*Your objective:* Beginning with the line that holds "折り紙で色々な物を作ることり組さん。" and ending with the last line of the entries, please output each line exactly, apart from any pictures.

(Source records)
● ● ● ●

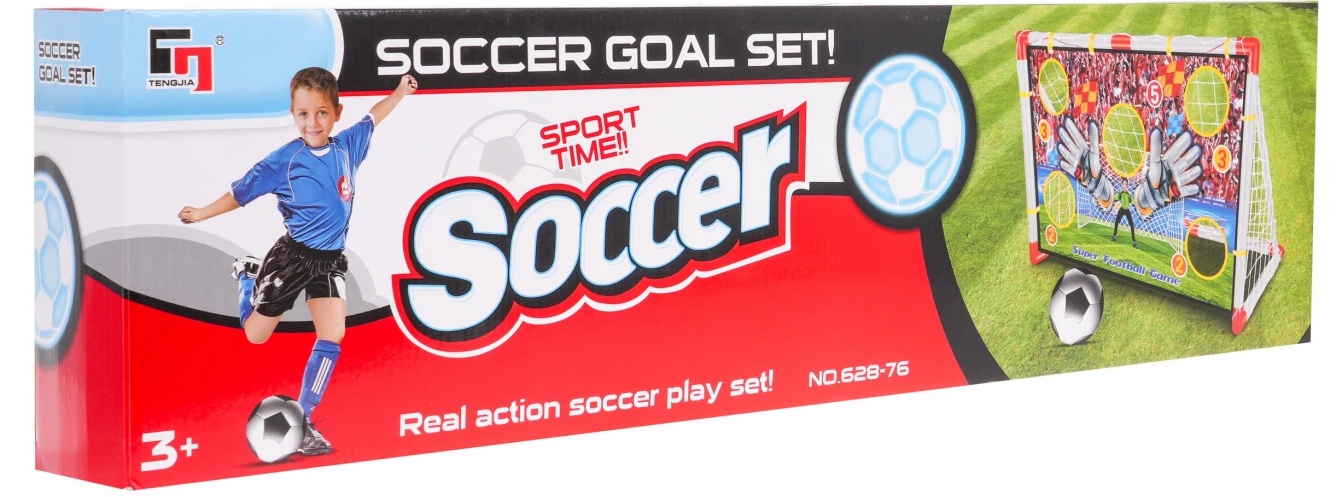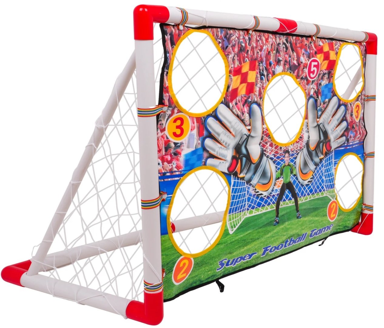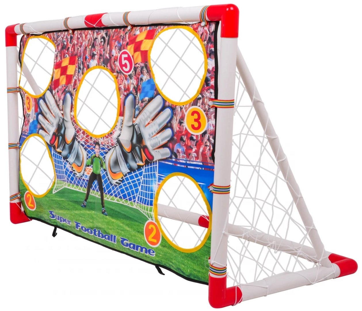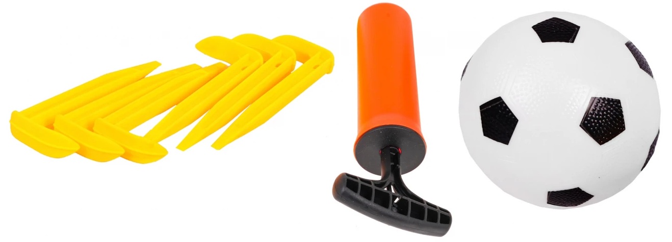 Ворота розміром 116 x 76 x 48 см оснащені міцною сіткою та килимком з отворами для тренування влучності. У комплекті також є м'яч діаметром приблизно 15 см, насос для його надування та кріпильні гаки, які стабілізують ворота під час гри на вулиці.
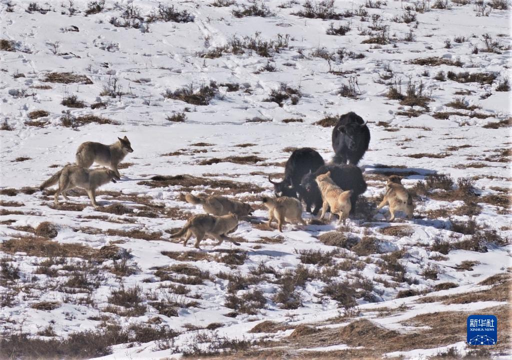 這是在四川省阿壩藏族羌族自治州若爾蓋縣境內(nèi)拍攝的草原狼圍攻牦牛(2019年12月18日攝)。新華社 王冀川 攝
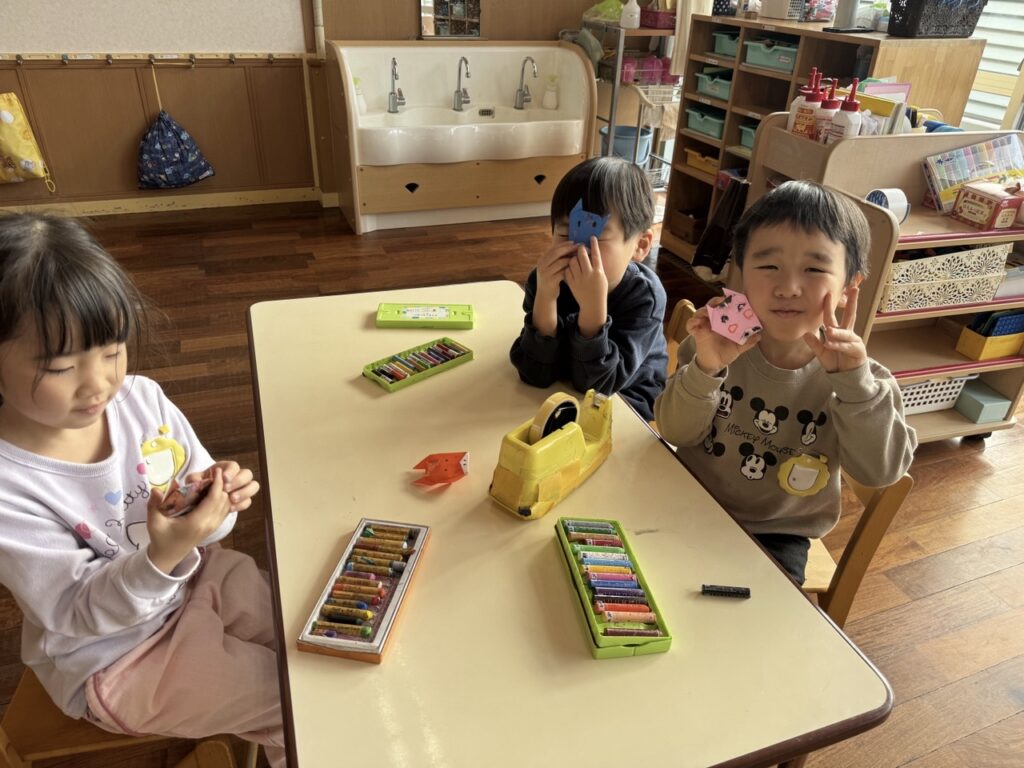 折り紙で色々な物を作ることり組さん。
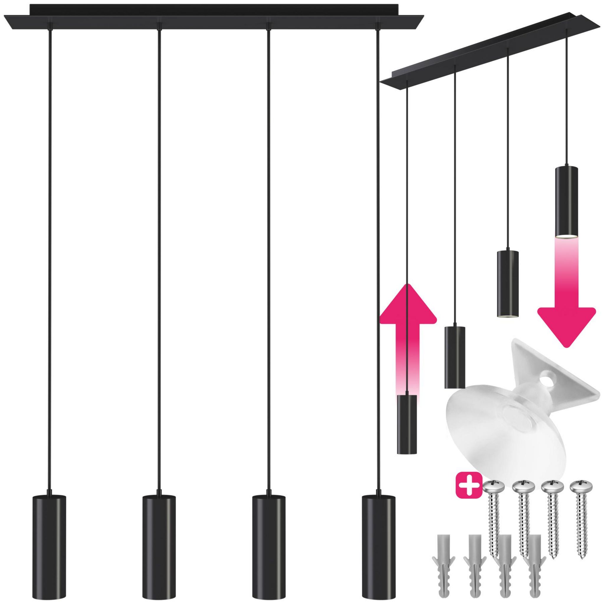 Grâce aux câbles réglables en longueur, la suspension convient non seulement à toutes les hauteurs de plafond, mais permet également un look personnalisé selon vos goûts. La source lumineuse moderne crée un éclairage uniforme et est particulièrement adaptée aux tables à manger longues ou aux comptoirs de cuisine.
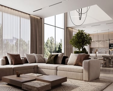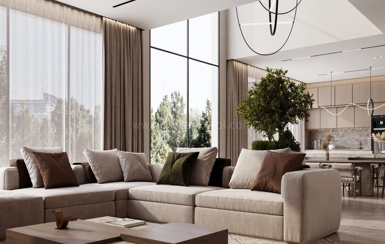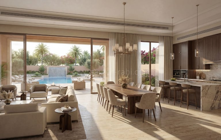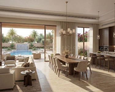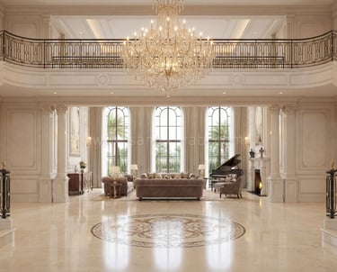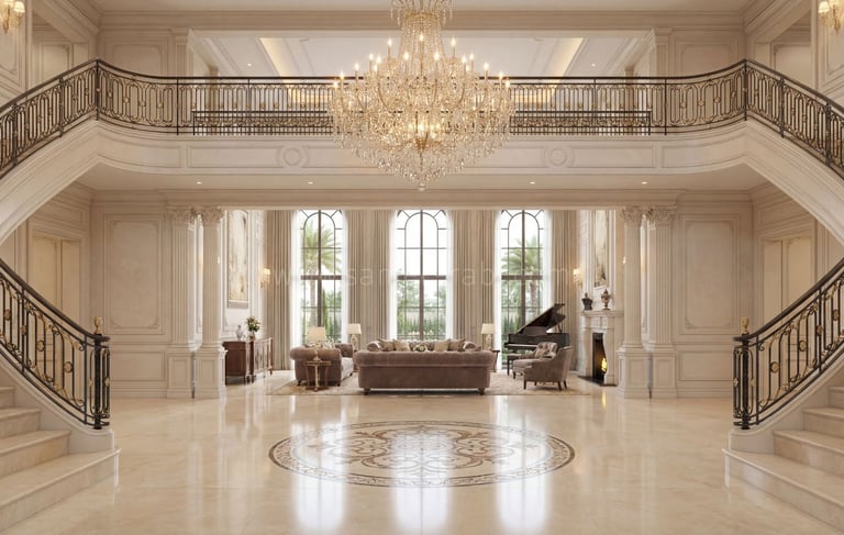 The exterior of this prestigious villa is inspired by Luxury European Neo-Classical architecture, showcasing a composition defined by harmonious symmetry, majestic Corinthian columns, finely detailed cornices, and a refined mansard roof.
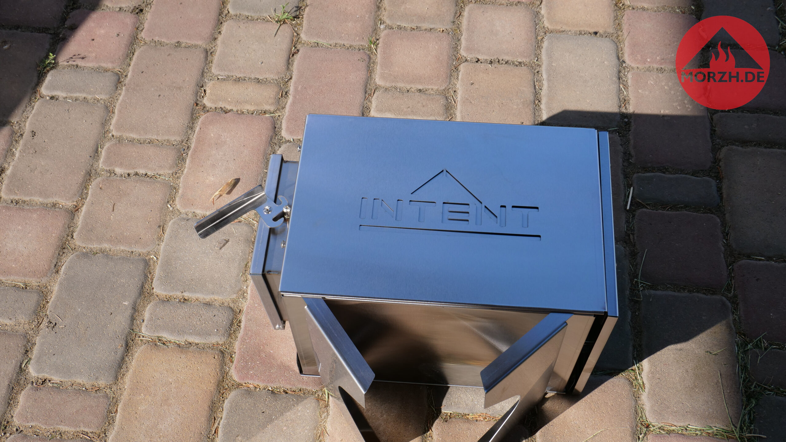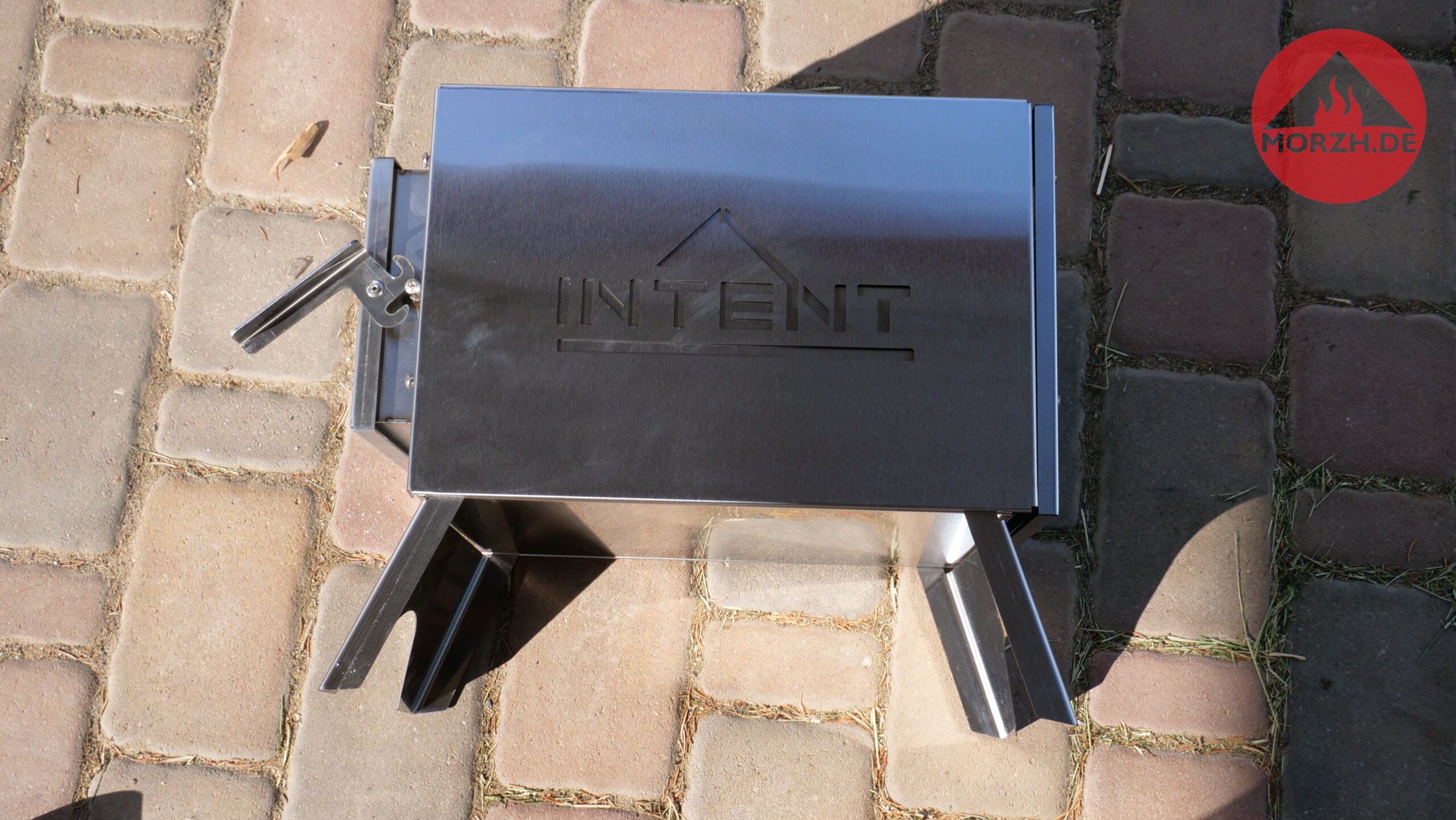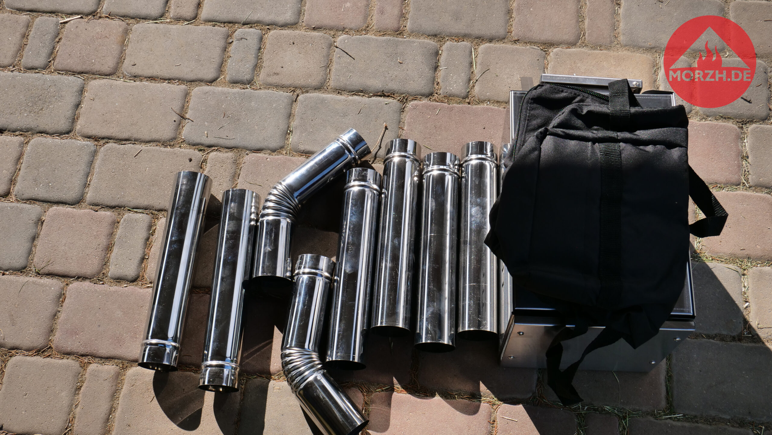 Die Beine sind einklappbar. Die Schornsteinsegmente passen zum Transport in den Brennraum. Zum Schutz für Zelte und Umwelt ist eine Funkenschutzkammer eingebaut.
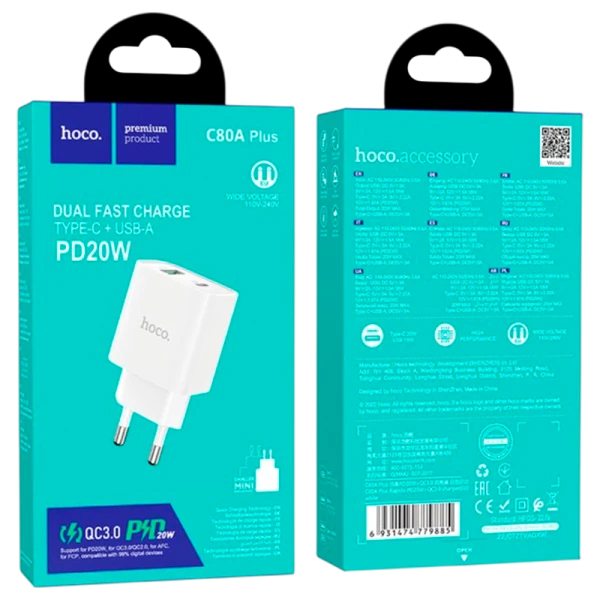 Сетевое зарядное устройство HOCO C80A оснащено выходами USB мощностью 18W и Type-C мощностью 20W. Поддерживает протоколы быстрой зарядки PD20W, QC3.0/QC2.0, PPS, AFC и другие. Подходит для зарядки смартфонов и других мобильных устройств. Блок для зарядки имеет защиту от замыкания и оснащен интеллектуальной системой идентификации, которая распознает заряжаемое устройство и выдает подходящие для него параметры зарядки. Корпус изготовлен из огнестойкого поликарбоната. Размеры – 78х43х27 мм, вес – 44 гр.

● ● ● ●

*Result:*
 折り紙で色々な物を作ることり組さん。
 Grâce aux câbles réglables en longueur, la suspension convient non seulement à toutes les hauteurs de plafond, mais permet également un look personnalisé selon vos goûts. La source lumineuse moderne crée un éclairage uniforme et est particulièrement adaptée aux tables à manger longues ou aux comptoirs de cuisine.
 The exterior of this prestigious villa is inspired by Luxury European Neo-Classical architecture, showcasing a composition defined by harmonious symmetry, majestic Corinthian columns, finely detailed cornices, and a refined mansard roof.
 Die Beine sind einklappbar. Die Schornsteinsegmente passen zum Transport in den Brennraum. Zum Schutz für Zelte und Umwelt ist eine Funkenschutzkammer eingebaut.
 Сетевое зарядное устройство HOCO C80A оснащено выходами USB мощностью 18W и Type-C мощностью 20W. Поддерживает протоколы быстрой зарядки PD20W, QC3.0/QC2.0, PPS, AFC и другие. Подходит для зарядки смартфонов и других мобильных устройств. Блок для зарядки имеет защиту от замыкания и оснащен интеллектуальной системой идентификации, которая распознает заряжаемое устройство и выдает подходящие для него параметры зарядки. Корпус изготовлен из огнестойкого поликарбоната. Размеры – 78х43х27 мм, вес – 44 гр.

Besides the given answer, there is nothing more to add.